# Codebase for Generating high-fidelity privacy-conscious synthetic patient data for causal effect estimation with multiple treatments

To generate patient variables using adapted ADS-GAN model, run 
python3 -m main_adsgan.py.

To generate patient outcome of the synthetic data, run the analysis.py file, and turn on switch TRAIN_OUTCOME_ESTIMATOR

### Code explanation

(1) data_loader.py
- Load original data

(2) preprocess.py
- Preprocess original data

(3) adsgan.py
- Generate synthetic data using the original data

(4) compute_wd.py
- Compute Wasserstein distance between original data and synthetic data

(5) compute_identifiability.py
- Compare Identifiability of original data from synthetic data

(6) main_adsgan.py
- Run Adapted ADS-GAN, report the performances of ADS-GAN in terms of Wasserstein Distance, Identifiability, and Distribution.

(7) OutcomeEstimator.py
- An estimator that learns mapping from patient variables to outcomes, determines the causal effects during learning, and generate patient outcomes using learned mapping and causal effects.

(8) eval_models.py
- Evaluate causal models using synthetic data

(9) utils.py
- Helper functions

### Command inputs:

-   iterations: Number of experiments iterations
-   lamda: Hyper-parameter to control the identifiability and quality of the synthetic data
-   h_dim: Number of hidden state dimensions
-   z_dim: Number of random state dimensions
-   mb_size: Number of mini-batch samples

Note that hyper-parameters should be optimized for different datasets.

### Example command

```shell
$ python3 main_adsgan.py --iterations 10000 --lamda 0.1 --h_dim 30
--z_dim 10 --mb_size 128
```

## Motivation
Modal validation is important for any research. In data science, a large body of work focuses on testing and validating machine learning models. However, in causal inference, model validation is difficult because modern causal inference is based on the potential outcome framework, in which the ground truth of causal effects is unknown.
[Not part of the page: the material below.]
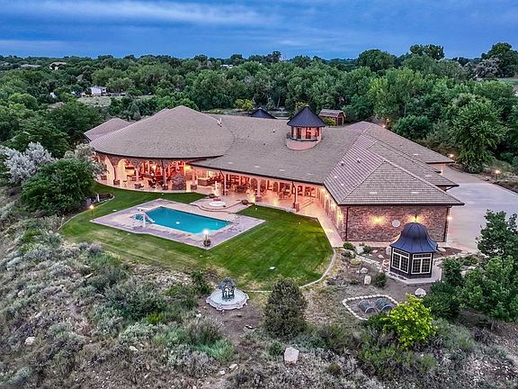 Experience the ultimate year-round retreat on Pueblo's St. Charles Mesa with this gated estate on 10+ acres above the Arkansas River. Enjoy sun-soaked, mild Colorado living, yet just a scenic drive or quick flight from premier ski destinations. The gated entry and sweeping driveway reveal Old-World Tuscan charm. Multiple indoor and outdoor entertaining spaces make hosting effortless, from cozy family evenings to festive holiday celebrations. Inside, cherrywood accents, radiant heated floors, elegant plaster, and marble finishes create a refined, welcoming atmosphere. The main kitchen is a chef's dream with multiple prep areas, high-end appliances, two additional kitchens, and a butler's pantry. A soaring domed ceiling crowns the great room, perfect for holiday magic. For adventure, enjoy a theatre with wet bar and fiber-optic night sky, a billiards/game room, and a spiral staircase to the observatory. The primary suite offers a sitting area, spa-like bath, custom walk-in closet, wet bar, and laundry. Three additional bedrooms, including two junior suites, ensure comfort for family and guests. Outdoors: pool, gazebo, fountain pond, covered terrace with grill and fireplace, plus oversized 5+ car garage and workshop. Just 10 minutes from Pueblo Memorial Airport, this Tuscan-inspired estate combines privacy, adventure, and effortless access, inviting every day to feel like a holiday.

Researchers in this field need data with ground truth that is as realistic as possible to evaluate and validate their models.

## Existing work
* Real datasets: IHDP, LIBIDD etc.
* Toy dataset with several variables and a simple data generation process.
* Work to generate EHRs.
* Work to generate patient outcomes (learn mapping from real data and use it to generate outcome).

## Our aim
We aim to create a synthetic dataset for a specific disease based on an insurance company's patient claim data (tabular data), with the following three goals: (1) make the dataset as realistic as possible; (2) generate treatment outcomes so that the causal effects are known; and (3) carry no information about any individual patients so that the data can be made available to the public (Data privacy policy of the insurance company).

## Our approach
* STEP 1: Patient variable generation using GAN.
* STEP 2: Fit a neural network to predict outcome. 
* STEP 3: Calculate outcomes for generated covariates using the trained network.
* STEP 4: Use the synthetic data to test some established causal inference algorithms (propensity score matching, doubly robust estimators etc.)